__EXERCISE__.
Write out the data word for word, taking care that no picture is carried over.

__SUPPLIED DATA__.
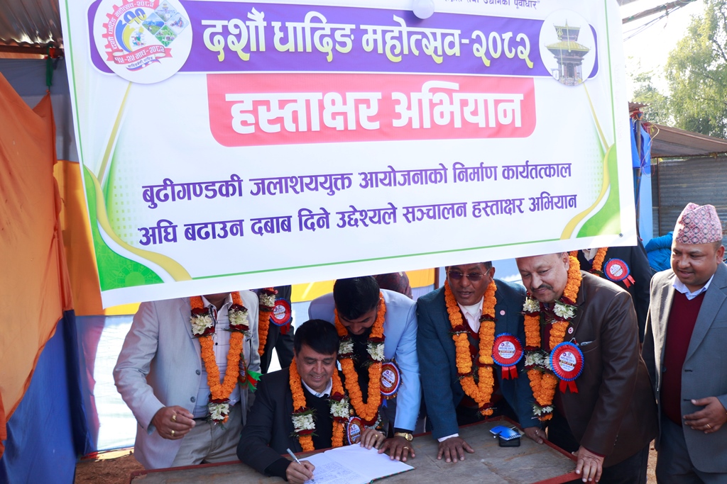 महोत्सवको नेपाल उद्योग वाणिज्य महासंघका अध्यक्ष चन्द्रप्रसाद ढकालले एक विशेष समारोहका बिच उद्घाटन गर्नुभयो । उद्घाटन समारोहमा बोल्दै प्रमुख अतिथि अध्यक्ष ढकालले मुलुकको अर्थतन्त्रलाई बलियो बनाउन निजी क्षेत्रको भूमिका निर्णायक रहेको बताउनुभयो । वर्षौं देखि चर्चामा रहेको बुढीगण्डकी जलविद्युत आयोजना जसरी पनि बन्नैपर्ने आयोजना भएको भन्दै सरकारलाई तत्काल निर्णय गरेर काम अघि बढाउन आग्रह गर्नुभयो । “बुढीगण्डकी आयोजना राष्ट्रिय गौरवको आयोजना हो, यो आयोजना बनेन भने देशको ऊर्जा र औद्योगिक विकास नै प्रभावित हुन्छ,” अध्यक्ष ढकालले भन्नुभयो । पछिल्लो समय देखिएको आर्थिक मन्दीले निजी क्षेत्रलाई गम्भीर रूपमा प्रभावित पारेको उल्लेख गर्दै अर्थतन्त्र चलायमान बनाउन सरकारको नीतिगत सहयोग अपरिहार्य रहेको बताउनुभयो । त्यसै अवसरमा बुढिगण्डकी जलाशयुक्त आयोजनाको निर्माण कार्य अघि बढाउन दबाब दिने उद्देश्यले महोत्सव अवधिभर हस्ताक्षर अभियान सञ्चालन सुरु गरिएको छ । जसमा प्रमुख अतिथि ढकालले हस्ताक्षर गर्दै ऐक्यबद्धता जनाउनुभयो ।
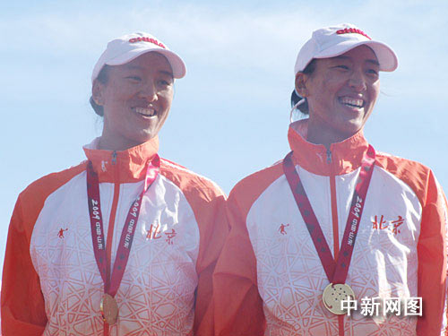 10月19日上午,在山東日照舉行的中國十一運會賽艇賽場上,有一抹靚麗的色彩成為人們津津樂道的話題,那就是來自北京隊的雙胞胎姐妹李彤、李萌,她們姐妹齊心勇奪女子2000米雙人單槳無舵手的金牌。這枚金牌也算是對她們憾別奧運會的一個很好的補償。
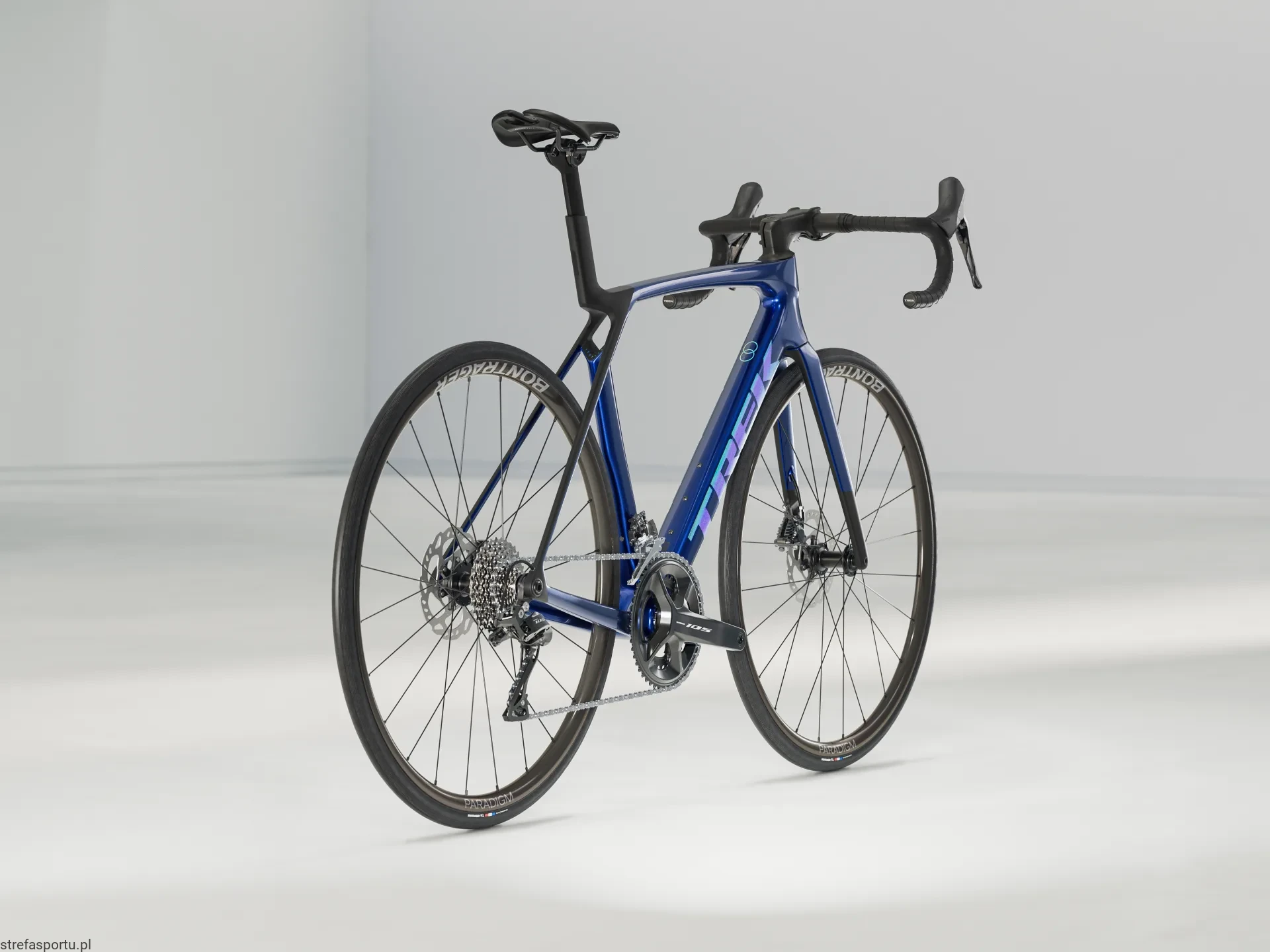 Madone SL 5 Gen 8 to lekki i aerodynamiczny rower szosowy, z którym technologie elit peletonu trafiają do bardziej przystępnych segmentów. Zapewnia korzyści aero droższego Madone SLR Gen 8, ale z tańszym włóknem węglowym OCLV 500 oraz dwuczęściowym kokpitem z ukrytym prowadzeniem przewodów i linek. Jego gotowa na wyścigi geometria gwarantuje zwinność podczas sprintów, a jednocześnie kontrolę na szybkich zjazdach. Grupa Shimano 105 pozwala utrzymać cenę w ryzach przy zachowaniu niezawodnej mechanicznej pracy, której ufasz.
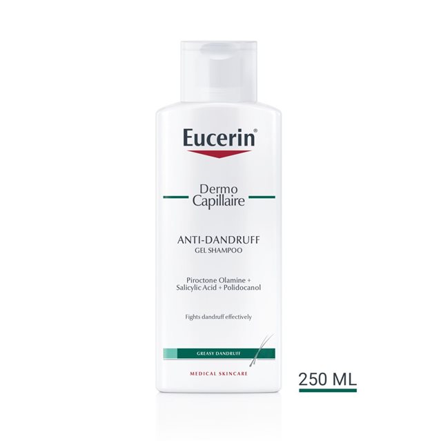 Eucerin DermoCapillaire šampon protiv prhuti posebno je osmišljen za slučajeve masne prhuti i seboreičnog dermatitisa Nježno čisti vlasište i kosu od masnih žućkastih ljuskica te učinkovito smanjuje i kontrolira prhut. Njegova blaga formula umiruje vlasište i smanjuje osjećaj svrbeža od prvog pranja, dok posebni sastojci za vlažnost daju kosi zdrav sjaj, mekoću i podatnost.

__ANSWER TO THE EXERCISE__.
 महोत्सवको नेपाल उद्योग वाणिज्य महासंघका अध्यक्ष चन्द्रप्रसाद ढकालले एक विशेष समारोहका बिच उद्घाटन गर्नुभयो । उद्घाटन समारोहमा बोल्दै प्रमुख अतिथि अध्यक्ष ढकालले मुलुकको अर्थतन्त्रलाई बलियो बनाउन निजी क्षेत्रको भूमिका निर्णायक रहेको बताउनुभयो । वर्षौं देखि चर्चामा रहेको बुढीगण्डकी जलविद्युत आयोजना जसरी पनि बन्नैपर्ने आयोजना भएको भन्दै सरकारलाई तत्काल निर्णय गरेर काम अघि बढाउन आग्रह गर्नुभयो । “बुढीगण्डकी आयोजना राष्ट्रिय गौरवको आयोजना हो, यो आयोजना बनेन भने देशको ऊर्जा र औद्योगिक विकास नै प्रभावित हुन्छ,” अध्यक्ष ढकालले भन्नुभयो । पछिल्लो समय देखिएको आर्थिक मन्दीले निजी क्षेत्रलाई गम्भीर रूपमा प्रभावित पारेको उल्लेख गर्दै अर्थतन्त्र चलायमान बनाउन सरकारको नीतिगत सहयोग अपरिहार्य रहेको बताउनुभयो । त्यसै अवसरमा बुढिगण्डकी जलाशयुक्त आयोजनाको निर्माण कार्य अघि बढाउन दबाब दिने उद्देश्यले महोत्सव अवधिभर हस्ताक्षर अभियान सञ्चालन सुरु गरिएको छ । जसमा प्रमुख अतिथि ढकालले हस्ताक्षर गर्दै ऐक्यबद्धता जनाउनुभयो ।
 10月19日上午,在山東日照舉行的中國十一運會賽艇賽場上,有一抹靚麗的色彩成為人們津津樂道的話題,那就是來自北京隊的雙胞胎姐妹李彤、李萌,她們姐妹齊心勇奪女子2000米雙人單槳無舵手的金牌。這枚金牌也算是對她們憾別奧運會的一個很好的補償。
 Madone SL 5 Gen 8 to lekki i aerodynamiczny rower szosowy, z którym technologie elit peletonu trafiają do bardziej przystępnych segmentów. Zapewnia korzyści aero droższego Madone SLR Gen 8, ale z tańszym włóknem węglowym OCLV 500 oraz dwuczęściowym kokpitem z ukrytym prowadzeniem przewodów i linek. Jego gotowa na wyścigi geometria gwarantuje zwinność podczas sprintów, a jednocześnie kontrolę na szybkich zjazdach. Grupa Shimano 105 pozwala utrzymać cenę w ryzach przy zachowaniu niezawodnej mechanicznej pracy, której ufasz.
 Eucerin DermoCapillaire šampon protiv prhuti posebno je osmišljen za slučajeve masne prhuti i seboreičnog dermatitisa Nježno čisti vlasište i kosu od masnih žućkastih ljuskica te učinkovito smanjuje i kontrolira prhut. Njegova blaga formula umiruje vlasište i smanjuje osjećaj svrbeža od prvog pranja, dok posebni sastojci za vlažnost daju kosi zdrav sjaj, mekoću i podatnost.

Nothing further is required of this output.